Saturday, July 28, 2007

#27: Nazareth - Hair of the Dog

Oh lord am I bummed that I didn't make it to the beer store in time before I put on this record, because along with Motorhead and ZZ Top and whatever hairy chest music I can think of at the time, this is a drinking record. So of course, it opens with the title track, a song about getting drunk to get rid of a hangover. They certainly knew the finer points of matching sound with content.

I picked this up because I'd been working on a piece about Appetite for Destruction, and the guys in GNR constantly mentioned Hair of the Dog as an influence both on the production and songwriting for Appetite. They even brought Nazareth guitarist Manny Charlton out to L.A. to potentially use him as their producer, but it didn't work out. All that remains is the stripped, live-sounding mix and Steven Adler's cowbell on "Nightrain." That, and a cover of the title track on the oh-so-glorious "The Spaghetti Incident?"

So before buying the record, I was pretty sure I didn't know any Nazareth songs, but of course, I definitely knew the title track (the "now you're messin' with a son of a bitch" refrain is a favorite bit of babble when watching rednecks from afar in a bar) and "Love Hurts," which might have been a cool song in 1975, but has now been used ironically in so many 'it all falls apart' scenes in shitty movies that, much like "Dust in the Wind," it can't be enjoyed at face value anymore. Alas.

It seemed like things were winding down by the end, but the real big bastard of them all is the near ten-minute closer, "Please Don't Judas Me." It's a borderline ballad that manages to be oddly chilling, obviously setting the stage for even more unnerving latter-day incarnations, such as Pantera's "Suicide Note, Pt. 1" and Slipknot's "Vermillion, Pt. 2." The influence is especially obvious in the former track, as Charlton's screeching guitar over the slow tempo would be basically mimicked by Dimebag to great effect twenty-one years later.

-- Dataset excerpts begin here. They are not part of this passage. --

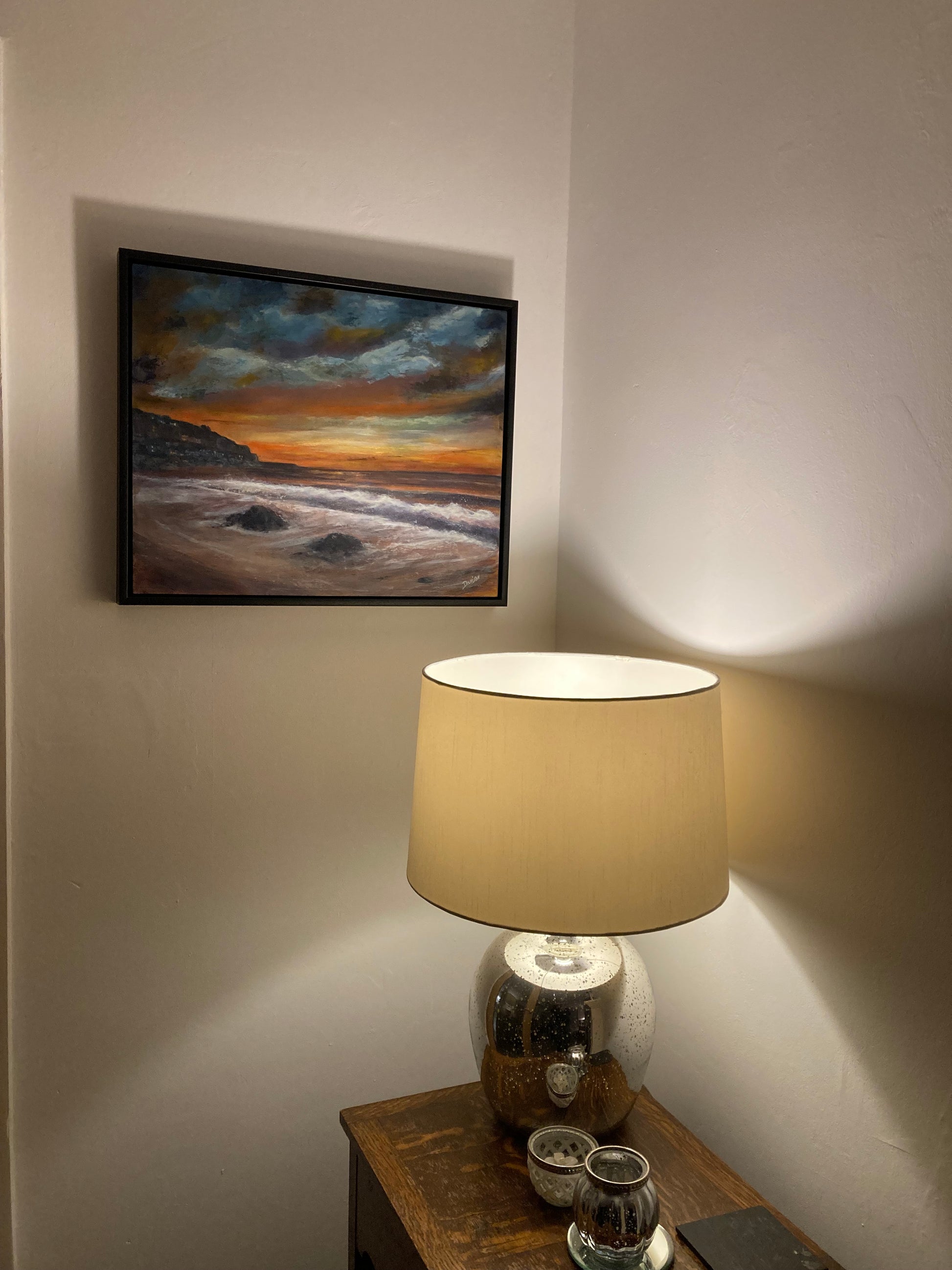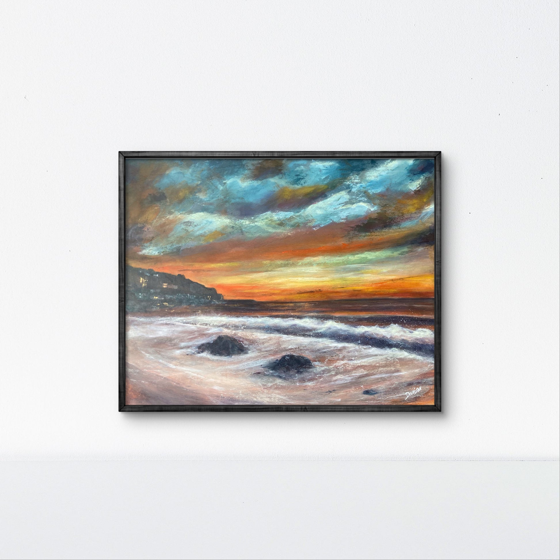 The western Cornish coast is renowned for some of the most amazing sunsets. This original acrylic painting aims to capture the glorious reds, yellows and golden hues as the sun sets on another day at Sennen Cove. The picture is painted on wooden board and measures 20x16 inches (51x41cm), is framed in a black wooden floating frame and is ready to hang.
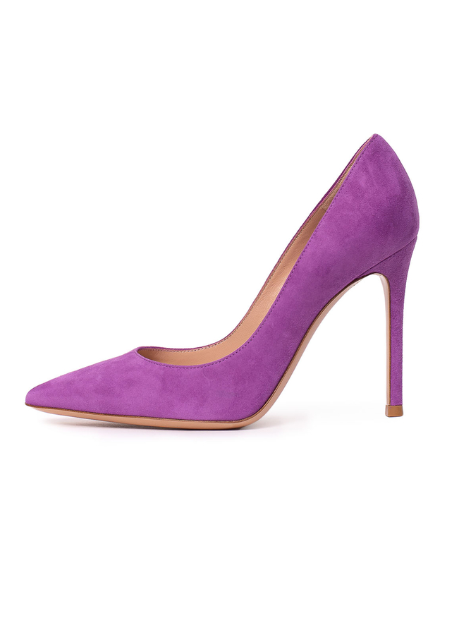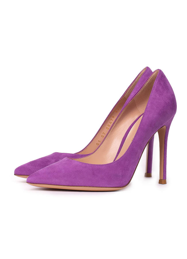 - Suede high-heeled shoes with a pointed toe, leather insole.
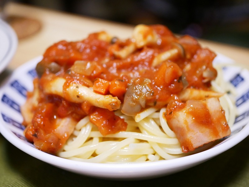 ベーコン、人参、しめじ、玉ねぎ、にんにくを炒めたものにカットトマトを加え、
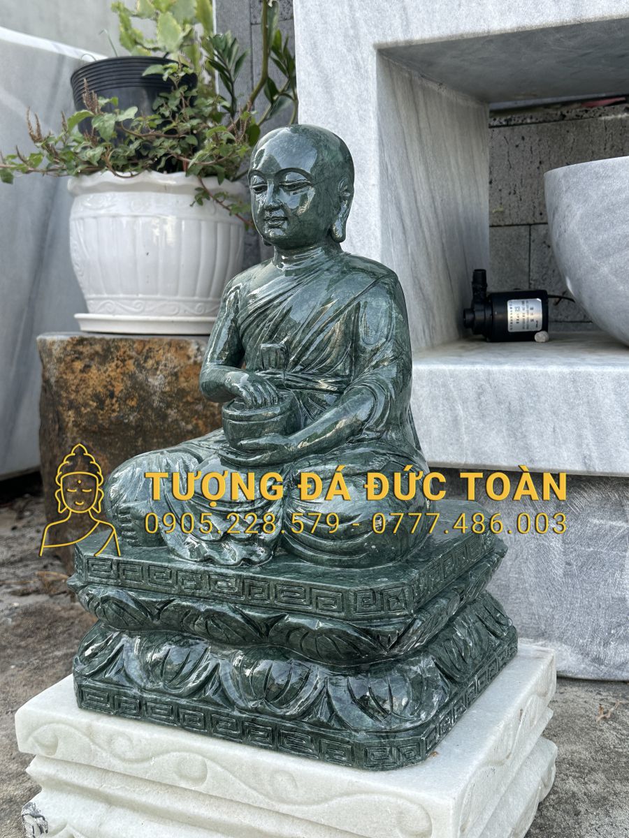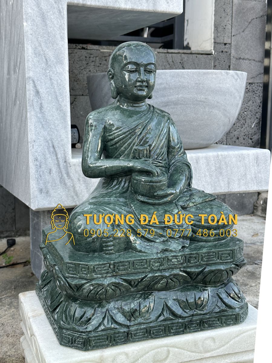 Tại Cty TNHH điêu khắc đá mỹ nghệ Đức Toàn, tượng Thánh Tăng Sivali bằng đá ngọc Ấn Độ màu xanh xẫm được chế tác thủ công trên chất liệu đá cao cấp nguyên khối, mang đến vẻ đẹp sang trọng, bền vững và đầy giá trị tâm linh. Với kích thước 40x28x22 cm, tượng phù hợp để đặt trên bàn thờ, kệ thờ, trong không gian tiếp khách hoặc thiền phòng.
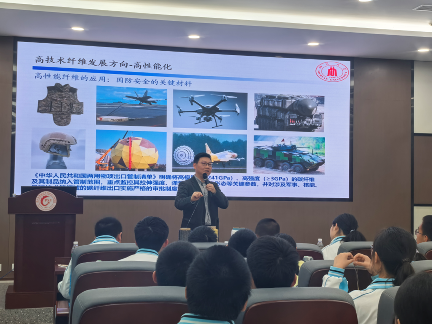 学院高分子材料系姜猛进教授带来“高技术纤维的发展与应用”科普讲座。他深入剖析我国化学纤维发展现状,阐述高技术纤维高性能化与超细化发展方向。为让学生直观感受,姜教授展示了三种化学纤维实物,拓宽了同学们的科学视野。
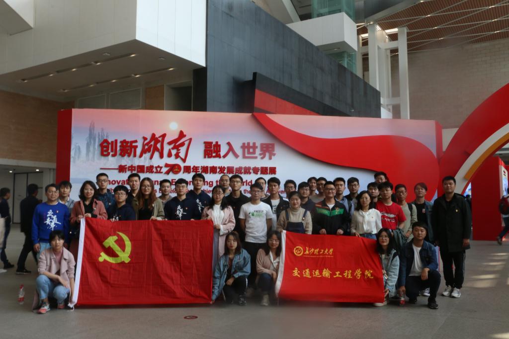 第二站,来到了湖南省博物馆新中国成立70周年湖南发展成就专题展。讲解员热情的向大家介绍到,湖南是新中国缔造者毛泽东主席的家乡,70年来,湖南人民艰苦奋斗,用自己的勤劳智慧改变湖南面貌,取得了令人自豪的辉煌成就。湖南在机械制造产业已经走在了世界的前列,中车集团,三一重工,中联重科,铁建重工已成为长沙亮眼的名片。湖南省的高速发展正是祖国复兴路上的缩影,复兴路上还需更多人才。在场的研究生党员纷纷表达了自己的对于未来的期待和建设祖国的热情。
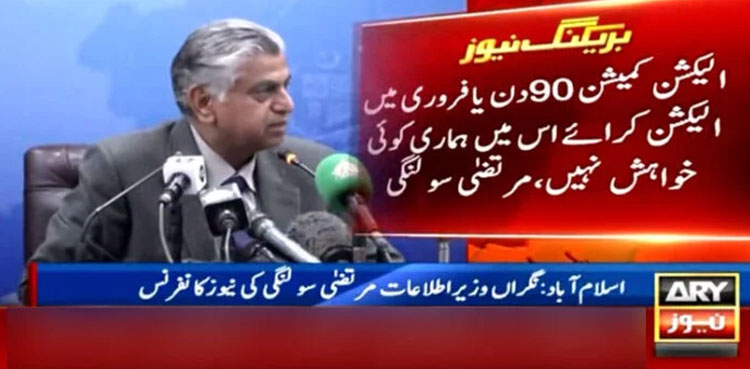 ISLAMABAD: Newly appointed caretaker Information Minister Murtaza Solangi on Friday asserted that he will step down from his post if the Election Commission of Pakistan (ECP) holds elections tomorrow, ARY News reported.
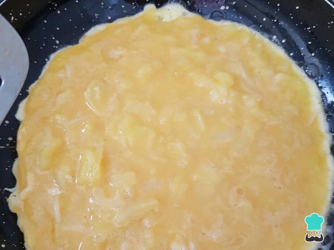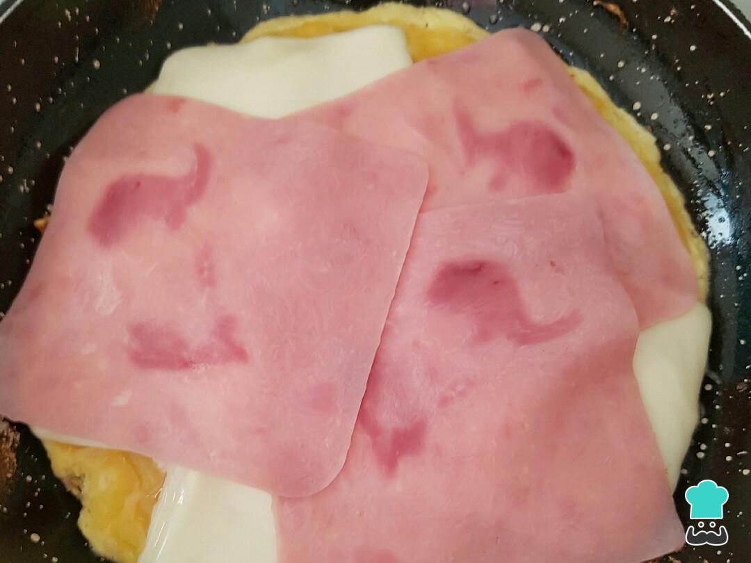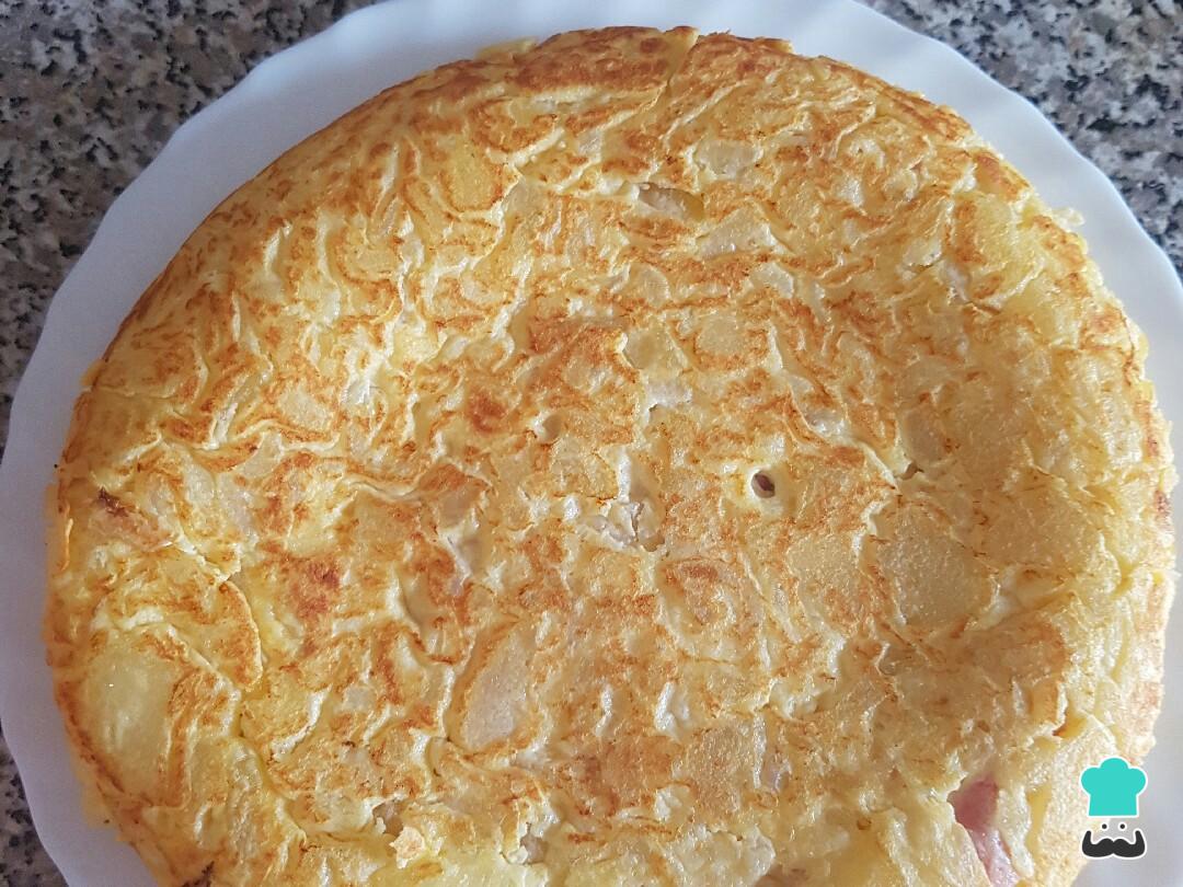 Cómo hacer Tortilla de patata con jamón y queso:
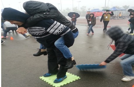 运动会在组队形式上倡导院际合作,四个学院分散组合了13支代表队;在项目设计上注重团队效能,设计了摸石头过河、踩气球、五人六足、螃蟹背西瓜、晕头转向、纸杯传水和动力火车等七个深受广大同学喜爱的项目。
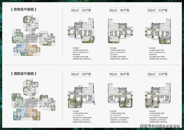 户型面积:82㎡-110㎡-125㎡(三至四房)
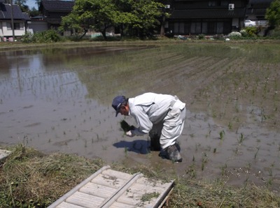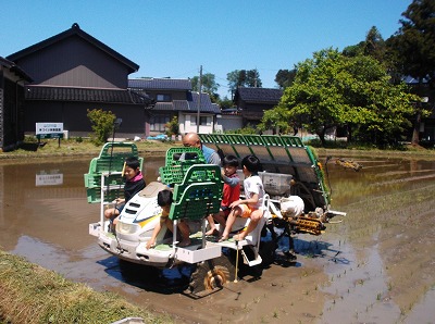 半分ほど手で植えた後、残りの半分は田植え機に乗せていただき、田植え体験です。
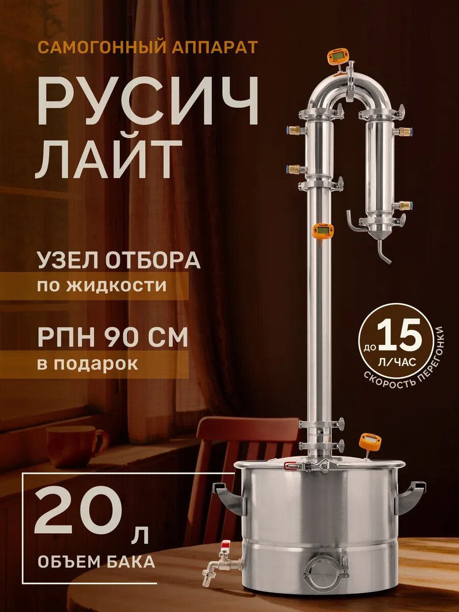 Самогонный аппарат колонного типа с дефлегматором. Более дорогое, современное и эффективное оборудования для самогона. Можно добиться крепости до 96,6% БЕЗ запаха и вкуса. Стоимость от 15 тысяч рублей и выше.
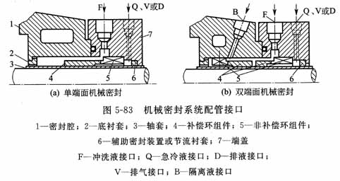 為了防止注入流體的泄漏,需要采用輔助密封,如襯套密封、油封或填料密封。急冷或阻封流體一般用水、蒸汽或氮?dú)狻R后w的壓力通常為0.02~0.05 MPa,進(jìn)出口的溫差控制在3~5℃為宜。圖5-83為典型機(jī)械密封系統(tǒng)配管接口,其中包含急冷(阻封)接口及密封急冷液的輔助密封。
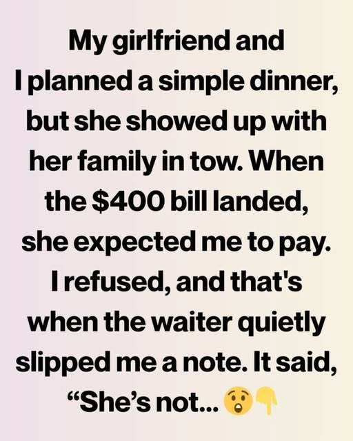 The evening arrived, and my expectations were immediately upended. A long table stretched across the restaurant, filled with her extended family. Every head turned toward me at once, creating a theatrical, rather than welcoming, atmosphere. Introductions were absent, conversation excluded me, and orders flowed without consultation—premium seafood, expensive cuts of meat, multiple appetizers, bottles of wine, desserts discussed before starters. My discomfort grew, but she remained unfazed. When the bill arrived—four hundred dollars—her expectation that I cover it was clear. Hesitation drew her irritation, and her relatives watched silently. At that moment, I realized the dinner was never about connection; it was about obligation.
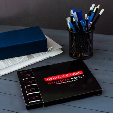 Набор в каркасной коробочке, который не стыдно подарить высшему руководству компании или самым ценным сотрудникам для того, чтобы отметить их упорную работу. Формат книги позволит вам разместить всю необходимую информацию о вашей компании. Возможна печать на дизайнерской бумаге и с применением шелкографии или тиснения.
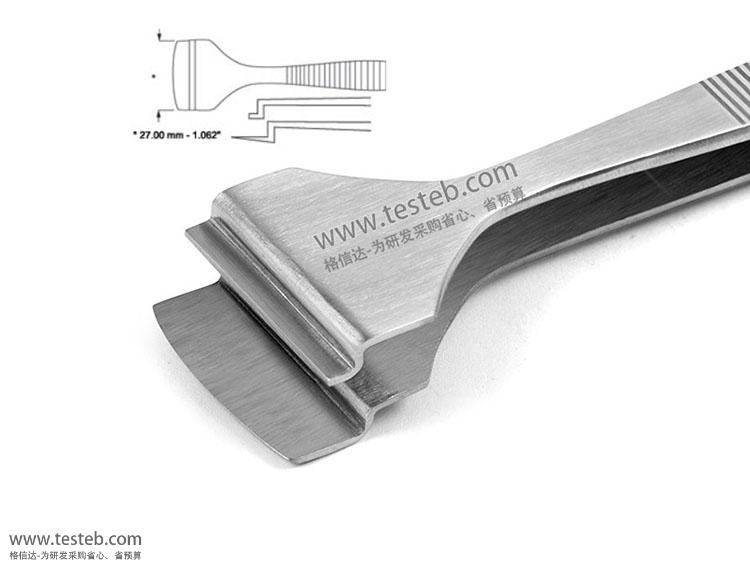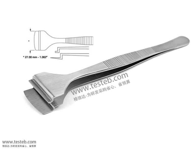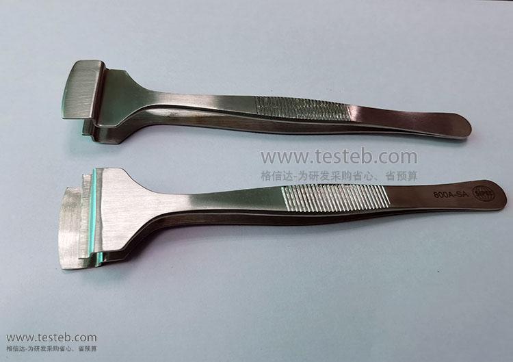 Sipel 800A-SA晶圓鑷子頭部寬度27mm,上下夾頭均為平面臺階狀,適用于8英寸wafer硅片夾取轉移,對于較厚的片子可牢牢緊密夾持,另有上頜帶8個齒爪、下頜臺階止擋的800W-SA、耐酸防克損的800W-SA-TE特氟龍涂層款。
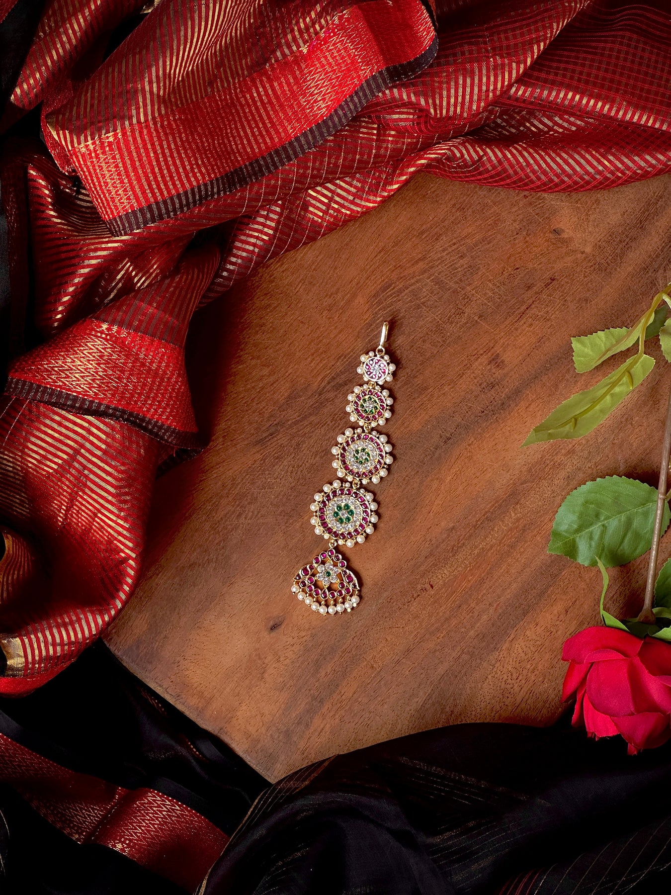 Regular price Rs. 7,975.00 Sale price Rs. 6,960.00 Save Rs. 1,015.00Traditional South Indian nethichutti, a stunning forehead ornament for Bharatanatyam and Kuchipudi dancers, also worn by Tamil brides for an elegant cultural statement.
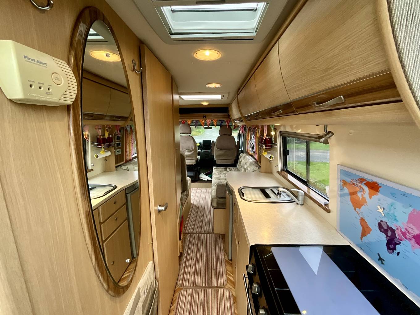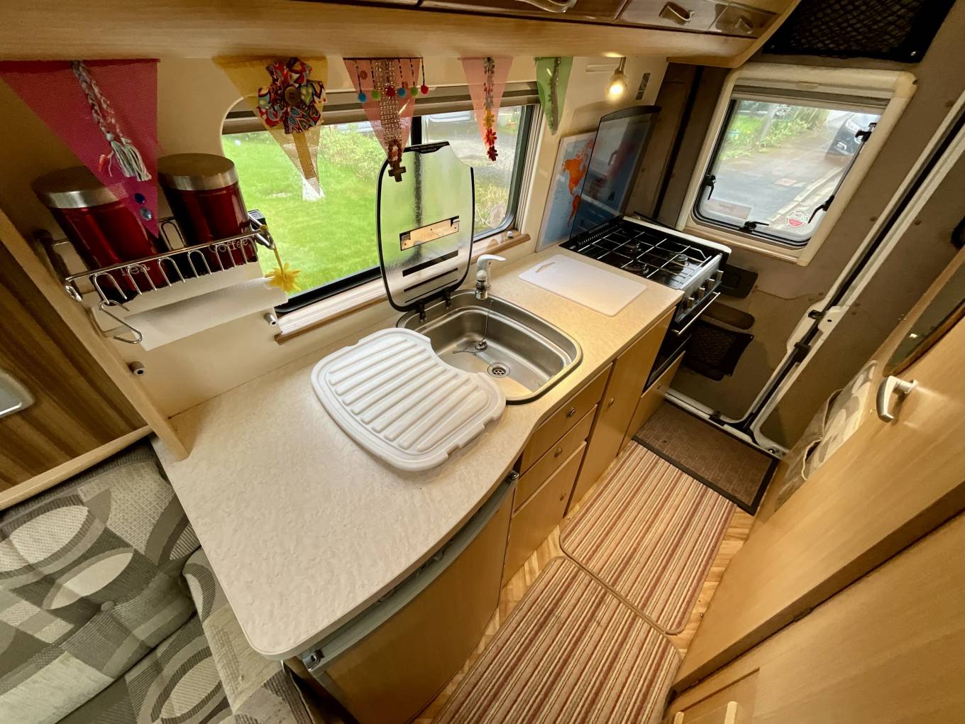The driver and passenger seat swivel round to face a comfortable, spacious lounge which can comfortably seat five, and a freestanding table is included for socialising and meal times.

For as much as history scoffs at the Seventies as being lot of bloated Emerson, Lake and Palmer and Yes bullshit, there's some pretty damn solid straightforward rock from this era. I'm not sure what I was expecting with Hair of the Dog, but I dig it. Hell, if AC/DC - a band I've never fully come around on - used more of the loose, drunken swagger found on Nazareth's "Beggar's Day," I'd probably be more of an AC/DC fan. How early do the beer stores open again?

"Hair of the Dog" live in Houston. All the other videos I found were thirty years after the fact and were too depressing to post.